Announced in this early April, the NFL is huddling up with a new live-streaming partner in Amazon, which has agreed to fork over $50 million to simulcast the 10 fall "Thursday Night Football" games broadcast by CBS and NBC.
Amazon now is offering its prime members access to Thursday night football streaming service without extra cost which boasts a membership of some 65 million U.S. consumers.
Following Twitter's footstep, which last fall became the NFL's inaugural full-season live-streaming partner, Amazon won over the likes of Facebook and Google's YouTube for the rights to carry the Thursday night games but will have to pay five times what Twitter did a year ago for what is effectively the same package.
Besides boosting prime membership's signup rate, Amazon will have the option to sell a smattering of ad inventory in each game. It's expected that a part of those available slots will be used to promote homegrown shows such as "Sneaky Pete," "Goliath" and "All or Nothing," a doc series produced by NFL Films.
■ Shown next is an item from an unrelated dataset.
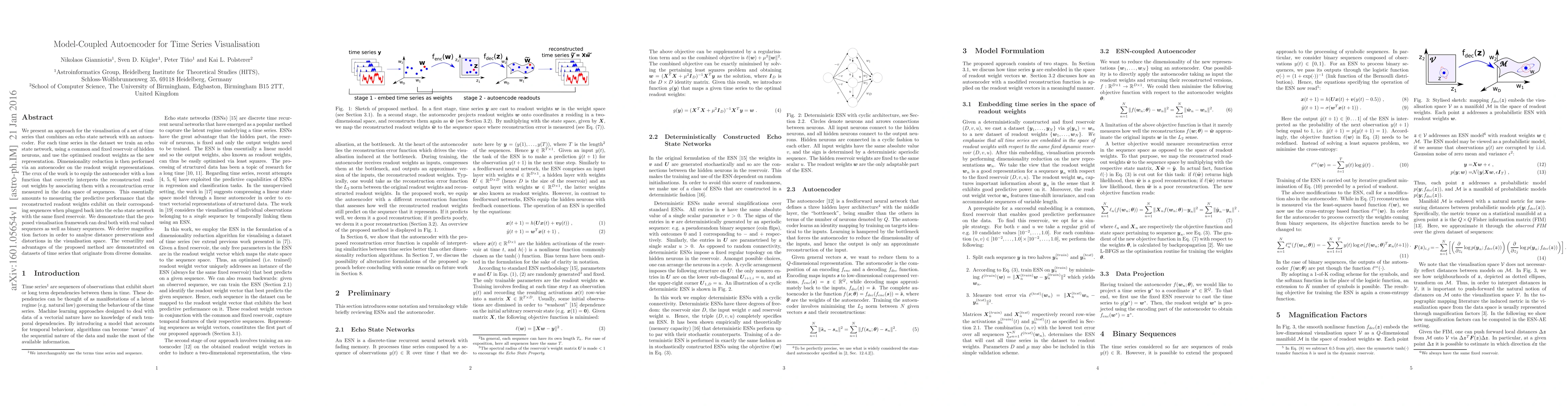 This paper proposes a model-coupled autoencoder approach combining an echo state network and an autoencoder for time series visualisation, using optimised readout weights for dimensionality reduction and a loss function that measures predictive performance. The method is shown to effectively handle diverse time series datasets, with analysis of distance preservations and distortions.
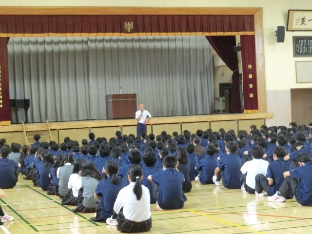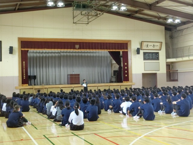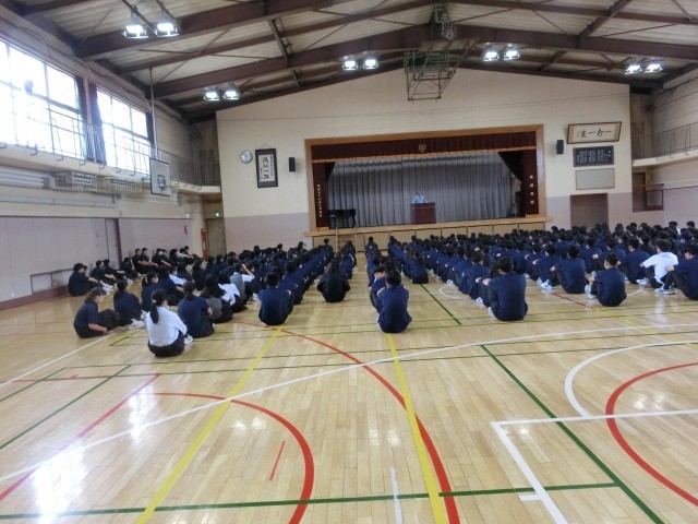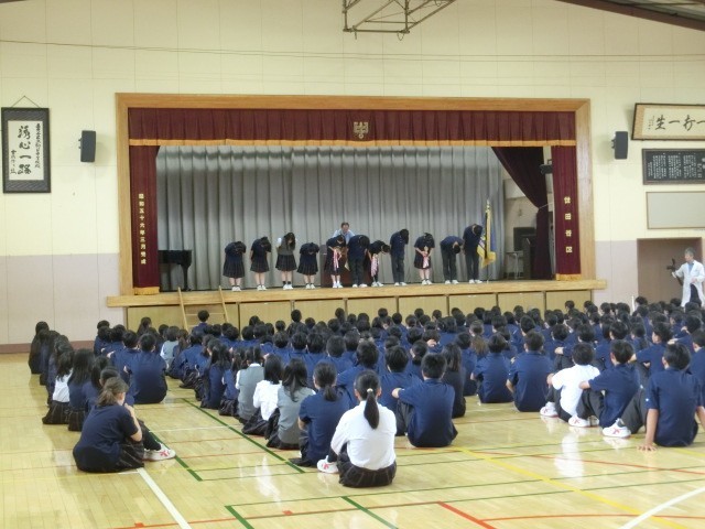 全校朝会は、校長先生のお話、運動会の表彰、雨の日の過ごし方を安全担当の先生から、運動会後の生活について生活指導主任からお話がありました。

While NFL insiders last season said they were pleased by the quality of the Twitter stream, the Amazon deal will provide the league with a chance to take a look under the hood at yet another digital-media company in advance of its next big TV rights auction. The impact to traditional TV media company is inevitable and that those businesses will have to make room for one of the digital powerhouses when the NFL rights package expires in 2022.